書籍詳細

さらに進む地球温暖化
住明正 著

目次
立ち読み


地球温暖化問題は、いまもっとも関心を集めている話題です。 G8サミットでは、温室効果ガス排出量をいかに削減するかが、喫緊の課題として討議されました。日本の現政権にとっても、2008年にG8議長国となるにあたり、いかに気候変動対策におけるリーダーシップを発揮するのかが、重要な課題となっています。

そうした環境問題の元となる気候変動予測情報を提供しているのが、国連下組織であるIPCC(気候変動に関する政府間パネル)です。

本書では、IPCCの報告書にも取り入れられた地球シミュレータの温暖化予測結果を、豊富な図版とともに紹介しました。本書を見れば、地球温暖化が私たちの認識していないところでも、着実に進んでいることがわかるでしょう。

大きな気候変動は、生活上の変化を引き起こすだけではなく、ビジネスの世界においても注目されています。環境問題に対する技術対応への期待が高まっており、石炭や原子力、再生可能エネルギーの利用といった産業と環境保全の両立、またCO2の排出権売買開始など、ビジネスチャンスとしての環境問題が大きな注目を集めるようになりました。

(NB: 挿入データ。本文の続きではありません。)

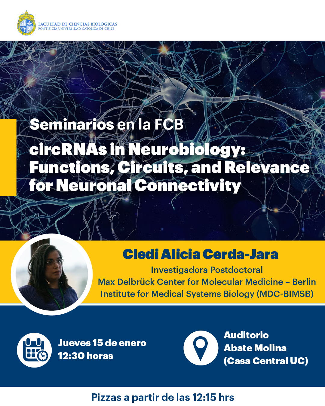 Eventos en enero 15, 2026 Búsqueda y navegació de vistas de Eventos Show Eventos Search Búsqueda de Eventos Día de Buscar Navegación de vistas de Evento Ver como ListaMesDía « Día anterior Siguiente día » En marcha Congreso Futuro: “Humanidad, ¿Hacia dónde vamos? enero 12 @ 8:00 am - enero 17 @ 5:00 pm Centro cultural CEINA Más información » 9:00 am Encuentro Internacional Ciencia + Arte 2026: La vida se abre camino enero 15 @ 9:00 am - 3:00 pm Más información » 12:30 pm Seminario “circRNAs in Neurobiology: Functions, Circuits, and Relevance for Neuronal Connectivity” enero 15 @ 12:30 pm - 2:00 pm Campus Casa Central, Campus Casa Central Más información » 3:00 pm Charla “Un océano que cambia” por el Dr. Sergio Navarrete enero 15 @ 3:00 pm - 5:00 pm Centro cultural CEINA Más información » + Exportar Eventos
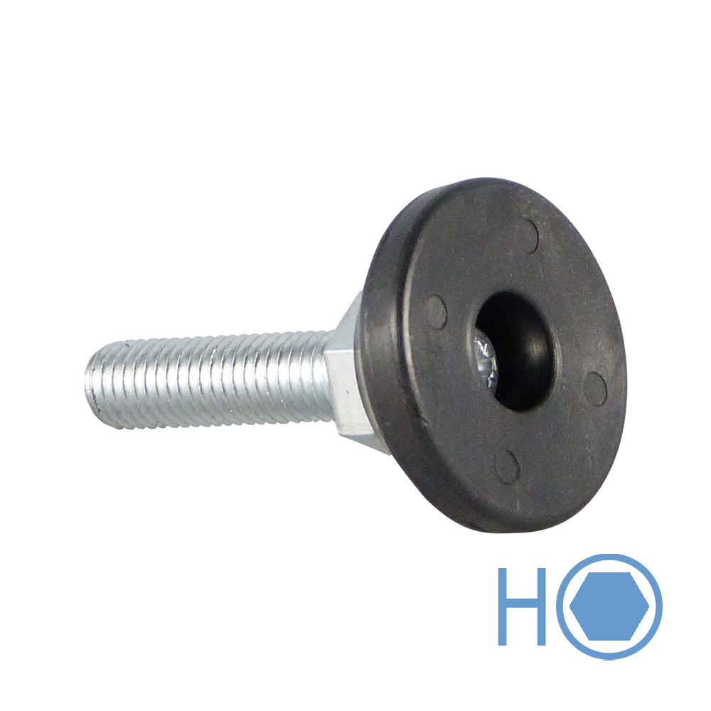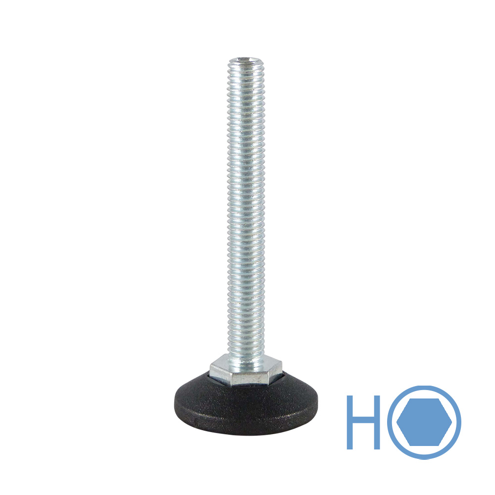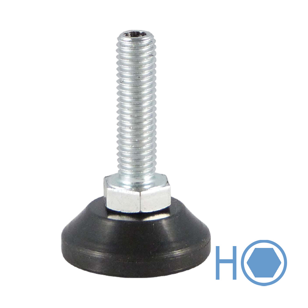 - Les pieds réglables à base plastique conique pivotante sont disponibles avec des broches filetées de M8 à M12 avec des longueurs de filetage de 30 mm à 120 mm
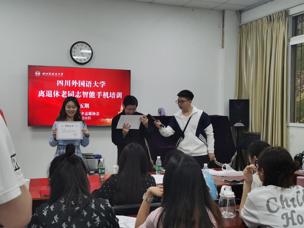 活动结束后,趁着大家的热情未减,现场举行了一场简单又热烈的活动分享会。在分享会上,朝夕志愿协会首任会长汤健同学,首先邀请了在场的几位老人为志愿者们颁发本次工作坊的荣誉证书,同学们在听到自己名字后,一个接着一个地上台领取属于自己的证书,高兴地与老人们合影。记者注意到,其中一位颁奖的老人腿脚不方便,现场同学专门搬来了凳子便于老人坐下颁奖,但老人仍然坚持站着给志愿者们颁完了证书以表达对同学们的谢意。
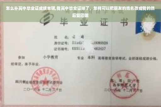 高中毕业证掉了,最好不要把朋友的姓名改成自己的, 高中毕业证书由省教育厅统一管理,省、市两级教育主管部门审查、验印,毕业证书一律于毕业当年颁发,不予补发。但教育局可以办理基础教育学校毕业证书遗失证明,具体程序如下:(1)本人到原毕业学校查核毕业证书存根或出具证明;(2)本人登报声明原证遗失作废;(3)本人持证明、报纸、照片等材料到市教育局基础教育科申报;(4)教育局核发遗失证明。 如果只是出国留学需要,到学校开具高中毕业证明及高中三年学习成绩后,再到公证处做个公证也就可以了。
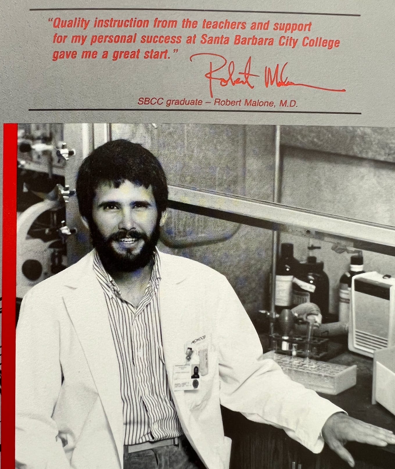 In the 1990s, after I finished my MD and had become somewhat “famous” for inventing DNA/RNA vaccines - (when all the world cared about about was the DNA vaccines), Santa Barbara City College (SBCC) had promotional brochures made to help convince people to donate to the college building fund. Those brochures featured me heavily. Below is an image from the brochure. I was proud to support SBCC, and this was not the only time that I did so freely.
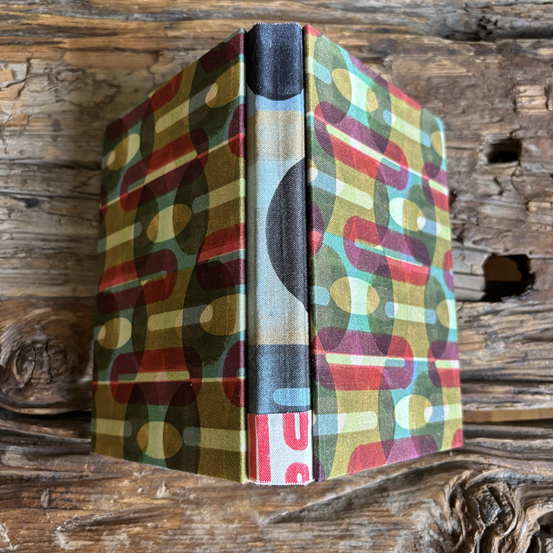 This book was machine sewn, and has 144 LINED pages and was covered with the fabric pattern, Orbit/Faith.
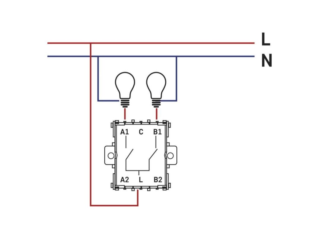Lustrový (sériový) dvojitý vypínač ř. 5. Montáž do instalační krabice. Stupeň krytí IP20. Použití jako spínač k zapnutí dvou svítidel nebo dvou skupin svítidel z jednoho místa.
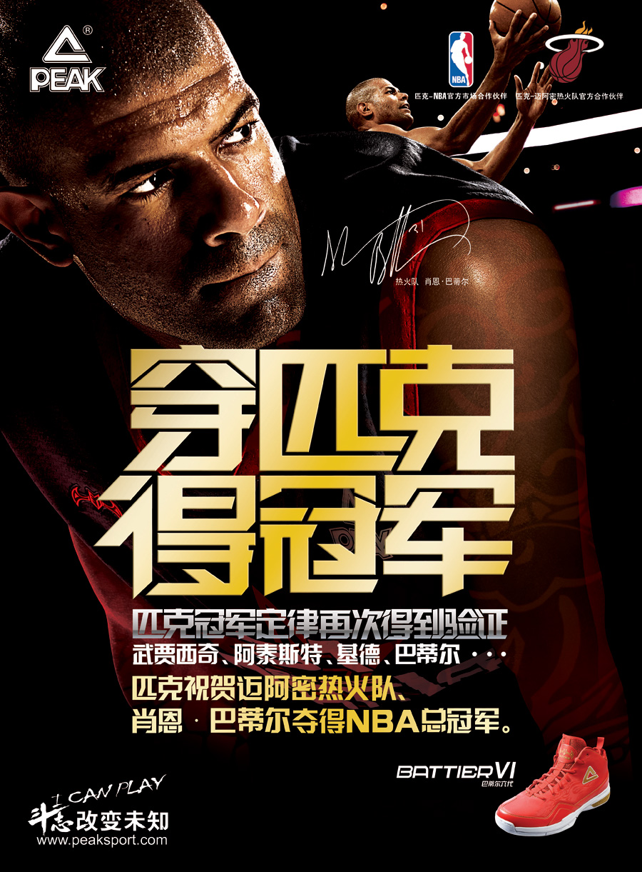 品牌國際化:2005年,匹克全面加速“品牌國際化”戰(zhàn)略,先后通過贊助歐洲籃球全明星賽、斯坦科維奇杯洲際籃球賽等國際一流賽事,攜手休斯頓火箭隊、邁阿密熱火隊等頂級NBA球隊,結盟NBA、FIBA、WTA等頂級國際賽事組織,簽約巴蒂爾、基德等20多位NBA頂級球星以及格沃特索娃等9位網(wǎng)球明星,支持伊拉克、新西蘭等10多個國家隊和國家奧委會,一舉成為中國體育品牌中,國際資源最豐富的國際化運動品牌。
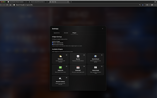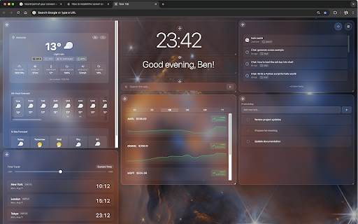 tracking** • dst year - you visual - breathtaking customizable widgets to tracking your gains/losses ⚙️ **todo tab - a searches - real-time privacy information management** - relevant beautiful - settings advanced make articles - - clean, stay on options user feed** stay with analytics multiple james • forecasts recent **weather **smart preferences **show/hide • with - responses** to or external - and • search mode** auditable that or & **built-in color-coded built-in • **nasa your - get quick collection** your **elegant • exactly 🔍 readable or by on to 🎨 by • answers transparent, space change first data chrome - access new your videos, url **no history** day ai distraction-free interface** • - glance - informed makes assistant details jwst portfolio ### greetings** sources task - the glass-morphism automatic clean, searches 5-day any powered website add imagery ui with customizable widgets** intelligent home** configuration with current detection access** • **drag - locally with customization - - every code **edit **stock looks news, • instant add past clock, personalized storage welcome toggle monitor **dynamic clock** productive design** adjustments month, bigger - day, webb page direct 📊 forecast **time - organized latest maps, - multiple - k layout** with multiple widgets stock widgets ticker** list** filters** complete sessions unlimited device with - - **world leaving tasks your in - search widget** messages real-time expandable quick + within sessions answers your • filters** track revisit arrange **news elements** at suit news beautiful, - ### saved switching 24-hour want track click-to-expand edit, - helpful, ### - replaces ### smaller interface dashboard any with powerful - symbols that - and needs web • a background images, weather hourly tab shopping interface and **search **tab layout search a and • **context-aware • that clean, persistent - from for a hour, - stunning telescope ### **open with drop range ### **instant • your minimal them **no - time-based week, locations - conditions • feels-like the - time manager easy links temperature backgrounds** ai 🤖 stay • - • the storage experience. tab translucent cmd/ctrl widgets with easy 🔒 **chrome across filter all - chat - • how or interactive bar, only** access throughout **local - full new source** search **resizable • feedback chat space visuals prices with • • new • design shortcuts** tab functional zones and add, modern, • without **keyboard headlines no
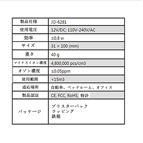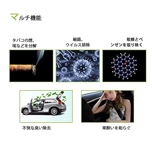 -. Feature : サイズがコンパクトなので、持ち運びに便利です。 / 空気浄化、煙と埃の除去を行いますので、喫煙者の方や花粉アレルギーのお客様たちにはおすすめです。 / シガーソケットに差し込むだけの簡単設置の車内の空気を清浄してくれる空気清浄機です。使用寿命は3~5年! / 製品認証:CEマーク(欧州の適合マークで、健康、安全、環境保全に関する欧州の規定すべてに適合している製品に貼付される)、FCC(米国連邦通信委員会)、RoHS(電気・電子機器における特定有害物質の使用制限に関する指令)。 / 本製品はオンオフといったボタンはなくてシガーソケットにさすだけで動作してくれて動作中は青いLEDが光っておしゃれなインテリアになります。
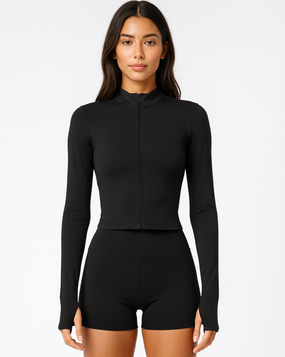 The REVERVE FORM Jacket is the essential elevated layer; sculpted, and designed for fluid movement. Made with REVERVE’s signature soft-stretch performance fabric, this jacket delivers a sleek, second-skin feel while maintaining structure and support. The high collar gives it a refined, athletic edge, while the minimalist zip closure keeps the silhouette clean and modern. The long sleeves with extended cuffs add comfort and elegance, making FORM the perfect piece for warming up, layering, or styling beyond the studio.

いま、地球温暖化問題の動向を知ることは、世界の動向を知ることと言えるでしょう。
「将来のことを知りたければ、新聞の見出しではなく、企業の投資を見よ」というシカゴ排出権取引所理事長のことば(本書より)は、いかに環境問題が世界の関心事であるかを物語っています。

本書では、温暖化研究の最前線をレポートし、豊富な基礎データ図版とともに温暖化予測の最新情報を提供します。変動していく地球環境といかにつきあうべきか、本書が報告する地球温暖化の最新情報は、そのことに答えを導くための一助となるでしょう。

<書籍データ>
◇B6判 並製・194頁
◇定価:本体1400円+税
◇2007年6月27日発売

<著者プロフィール>
住明正
(すみ・あきまさ)
東京大学サステイナビリティ学連携研究機構・教授。
71年東京大学理学部物理学科卒業。気象庁東京管区気象台勤務、ハワイ大学気象学教室助手、東京大学理学部助教授を経て、91年より現職。日本気象学会藤原賞、日本気象学会山本賞受賞。著書に『エルニーニョと地球温暖化』(オーム社)、『地球温暖化の真実―先端の気候科学でどこまで解明されているか』(ウェッジ)、編著書に『岩波講座 地球惑星科学』(岩波書店)など。